── Given material

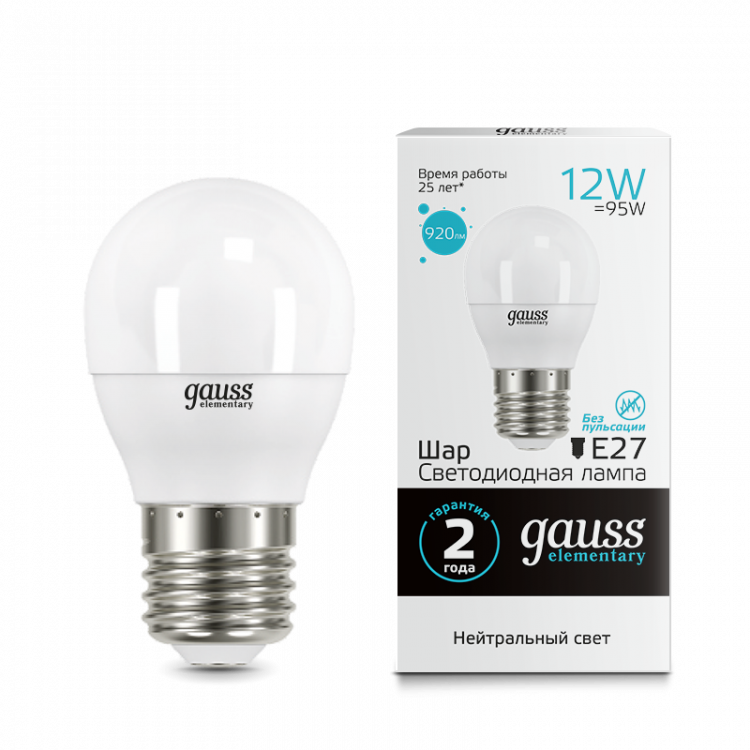 Лампа светодиодная LED Elementary Шар 12W 920lm E27 4100K | 53222 | Gauss
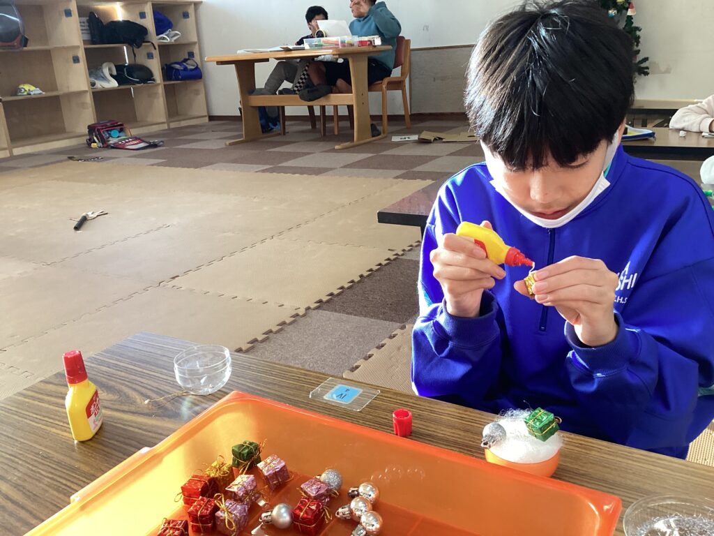 12月の愛川では、季節行事としてクリスマスを多く取り入れ、オーナメント作りやクリスマスにちなんだ折り紙制作に取り組みました。季節感を楽しみながら、手先の操作や集中力を育む機会となりました。
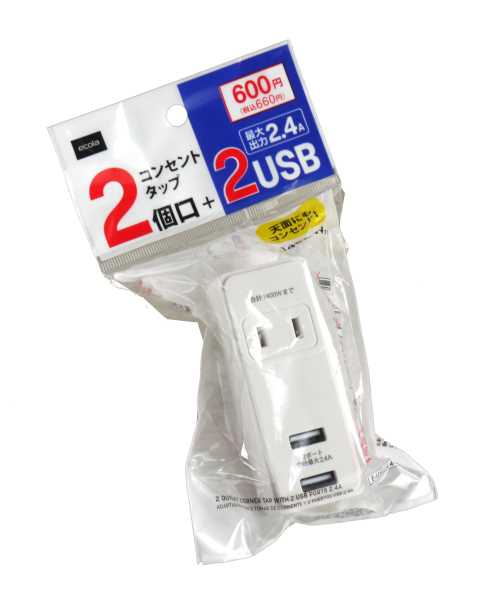 ●品名・コンセントタップ2個口 USB2ポート2.4A
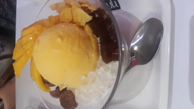 賣相同我menu 一样,窩夫外脆内熱,一口咬落去感覺好满足。不過食落有些小dry , 我都只係食左一兩件就已經飽。足夠兩人份量。依個口感好豐富,一啖已經有齊西米露、咖啡味暏喱粒、圓錐形透明帯小甜嘅啫喱。食落芒果剛剛好唔太甜,味道幾清新。查看更多

────

Exercise.
Output the lines above in full and exactly. Leave out every picture.

Final answer.
 Лампа светодиодная LED Elementary Шар 12W 920lm E27 4100K | 53222 | Gauss
 12月の愛川では、季節行事としてクリスマスを多く取り入れ、オーナメント作りやクリスマスにちなんだ折り紙制作に取り組みました。季節感を楽しみながら、手先の操作や集中力を育む機会となりました。
 ●品名・コンセントタップ2個口 USB2ポート2.4A
 賣相同我menu 一样,窩夫外脆内熱,一口咬落去感覺好满足。不過食落有些小dry , 我都只係食左一兩件就已經飽。足夠兩人份量。依個口感好豐富,一啖已經有齊西米露、咖啡味暏喱粒、圓錐形透明帯小甜嘅啫喱。食落芒果剛剛好唔太甜,味道幾清新。查看更多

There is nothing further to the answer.